"Tu vas faire un beau rève,
Et t'enivrer d'un plaisir dangereux.
Sur ton chemin l'étoile qui se leve
Longtemps encore éblouira les yeux!"DE MUSSET.
A fortnight passed. The first excursion in the Eulalie had been followed by others of a similar kind, and Errington's acquaintance with the Güldmars was fast ripening into a pleasant intimacy. It had grown customary for the young men to spend that part of the day which, in spite of persistent sunshine, they still called evening, in the comfortable, quaint parlor of the old farmhouse,--looking at the view through the rose-wreathed windows,--listening to the fantastic legends of Norway as told by Olaf Güldmar,--or watching Thelma's picturesque figure, as she sat pensively apart in her shadowed corner spinning. They had fraternized with Sigurd too--that is, as far as he would permit them--for the unhappy dwarf was uncertain of temper, and if at one hour he were docile and yielding as a child, the next he would be found excited and furious at some imaginary slight that he fancied had been inflicted upon him.

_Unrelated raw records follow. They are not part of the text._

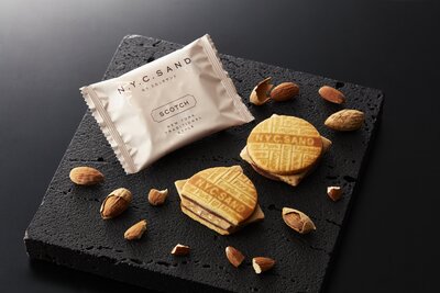 「N.Y.スカッチサンド」はアメリカで幅広い世代に親しまれ、 家庭の味でもあるスカッチを〈N.Y.C.SAND〉スタイルにアレンジしました。 まろやかな甘さと、 口に広がるキャラメルの濃厚な風味が人々をやさしい気持ちにしてくれる不思議なお菓子です。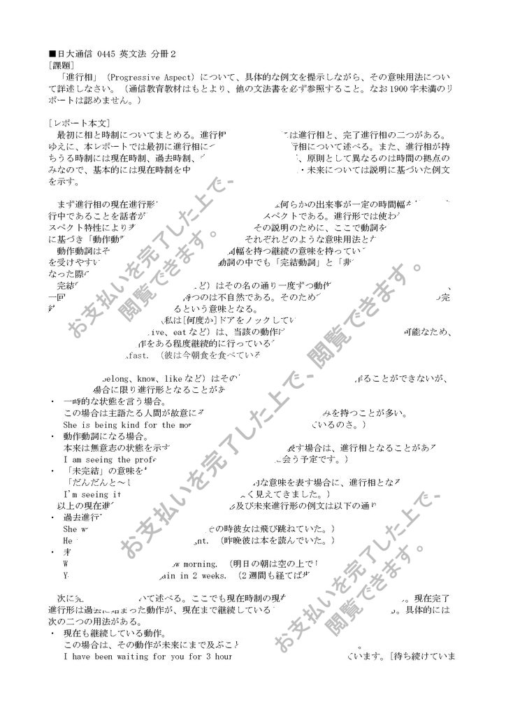 「進行相」(Progressive Aspect)について、具体的な例文を提示しながら、その意味用法について詳述しなさい。(通信教育教材はもとより、他の文法書を必ず参照すること。なお1900字未満のリポートは認めません。)
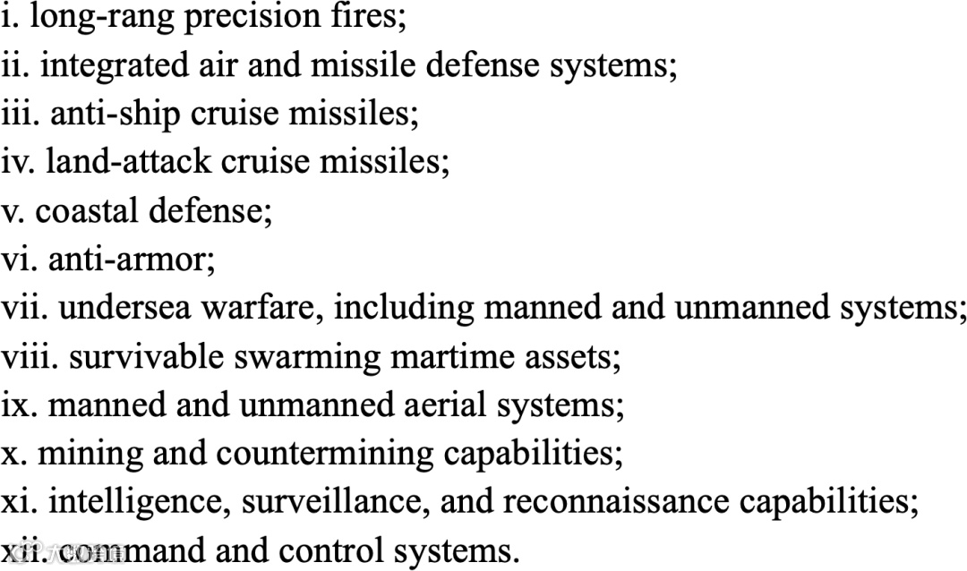 例如,f条第2款写道:美国必须对台湾省在其伪军队中使用反干预的能力进行评估,包括:远程精确射击能力,综合防空和导弹防御系统,反舰巡航导弹,对地攻击巡航导弹,海岸防御和反装甲能力,水下作战能力(包括有人和无人系统),有人驾驶和无人驾驶航空系统,情报、监视和侦察能力,防御性网络安全能力,指挥和控制系统。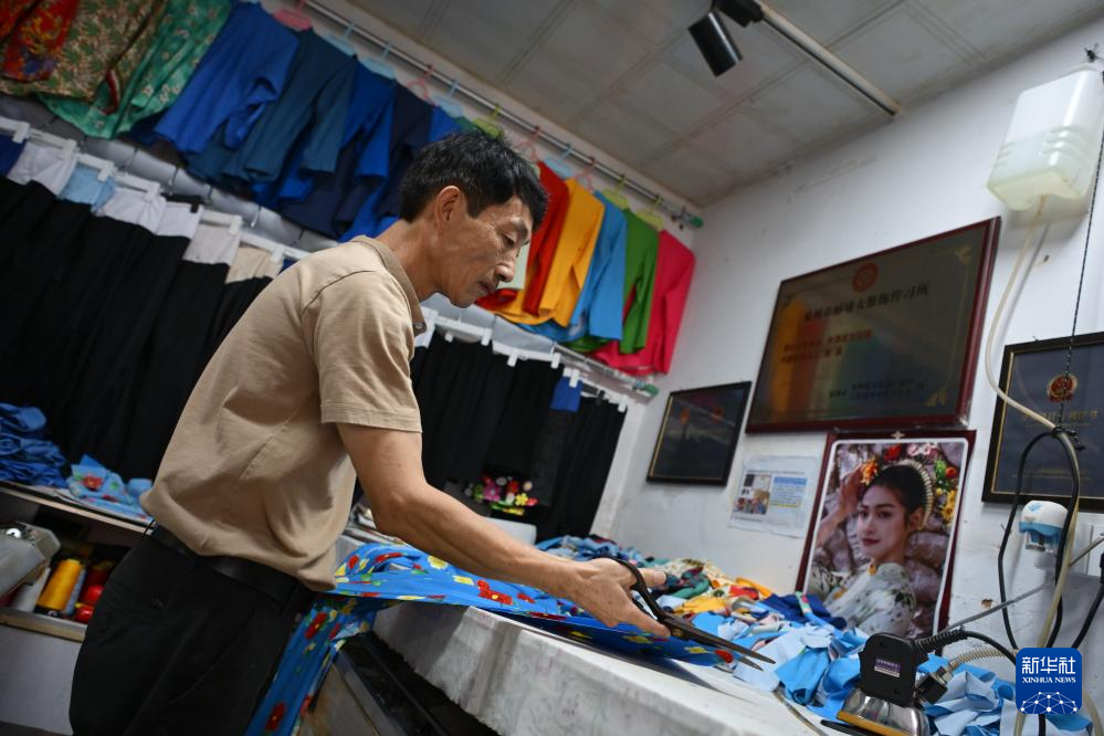在福建泉州蟳埔村,蟳埔女习俗代表性传承人黄晨在工作室里裁剪一件蟳埔女服饰(8月27日摄)。

Sometimes, if good-humored, he would talk almost rationally,--only allowing his fancy to play with poetical ideas concerning the sea, the flowers, or the sunlight,--but he was far more often sullen and silent. He would draw a low chair to Thelma's side, and sit there with half-closed eyes and compressed lips, and none could tell whether he listened to the conversation around him, or was utterly indifferent to it. He had taken a notable fancy to Lorimer, but he avoided Errington in the most marked and persistent manner. The latter did his best to overcome this unreasonable dislike, but his efforts were useless,--and deciding in his own mind that it was best to humor Sigurd's vagaries, he soon let him alone, and devoted his attention more entirely to Thelma.
One evening, after supper at the farmhouse, Lorimer, who for some time had been watching Philip and Thelma conversing together in low tones near the open window, rose from his seat quietly, without disturbing the hilarity of the bonde, who was in the middle of a rollicking sea-story, told for Macfarlane's entertainment,--and slipped out into the garden, where he strolled along rather absently till he found himself in the little close thicket of pines,--the very same spot where he and Philip had stood on the first day of their visit thither. He threw himself down on the soft emerald moss and lit a cigar, sighing rather drearily as he did so.